**Information shown**

——————

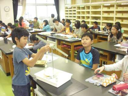 3組は理科「てこのしくみとはたらき」の実験中でした。左右で異なる位置におもりを下げて、つり合うときのきまりについて班で協力して確かめていました。
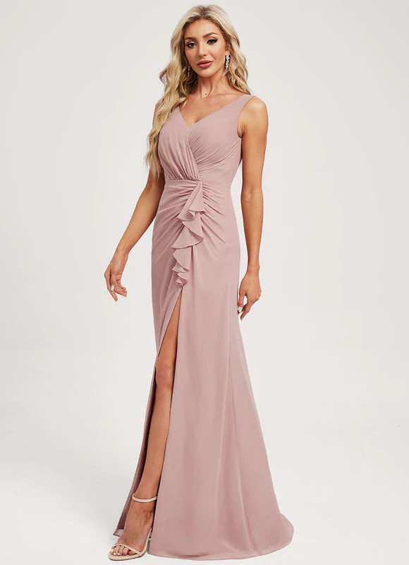 Notre robe fluide rose poudré allie élégance et féminité avec brio. Sa coupe met en valeur votre silhouette grâce au décolleté en V et au drapé latéral avec volants. La fente élégante dévoile subtilement votre jambe pour un effet glamour. Confectionnée en mousseline légère de qualité supérieure, cette robe vous garantit un confort absolu tout au long de vos événements.
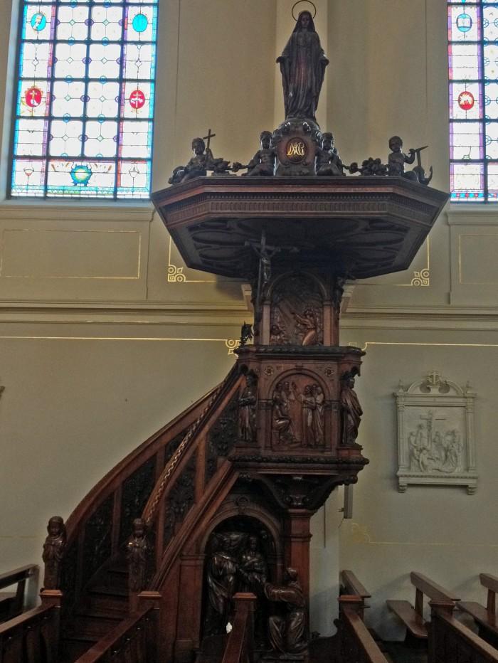 De Koeliekerk in Leiden wordt door de gemeente aangeduid als de Hartebrugkerk en heet zelfs, héél officiëel de kerk van Onze Lieve Vrouw Onbevlekte Ontvangenis, maar deze laatste naam kent helemaal niemand. De kerk is wijd en zijd bekend als de Koeliekerk, omdat op de voorgevel aan de hoofdwinkelstraat van Leiden in grote letters staat "Hic Domus Dei est et Porta Coeli" (dit is het huis van God en de poort naar de hemel).Dit is een zogenoemde Waterstaatskerk in neoclassicistische stijl, ontworpen door Theo Molkenboer en op 28 november 1837 ingewijd. In 1880 werd door de parochianen de eikenhouten preekstoel geschonken aan de pastoor bij diens 50-jarig priesterfeest. Bovenop de preekstoel staat een houten beeld van Maria, de patrones van de kerk.

——————

**Work task**
Everything from the top line of the data down to and including the line with "Notre robe fluide" is to be copied, except the pictures.

**Answer to this problem**
 3組は理科「てこのしくみとはたらき」の実験中でした。左右で異なる位置におもりを下げて、つり合うときのきまりについて班で協力して確かめていました。
 Notre robe fluide rose poudré allie élégance et féminité avec brio. Sa coupe met en valeur votre silhouette grâce au décolleté en V et au drapé latéral avec volants. La fente élégante dévoile subtilement votre jambe pour un effet glamour. Confectionnée en mousseline légère de qualité supérieure, cette robe vous garantit un confort absolu tout au long de vos événements.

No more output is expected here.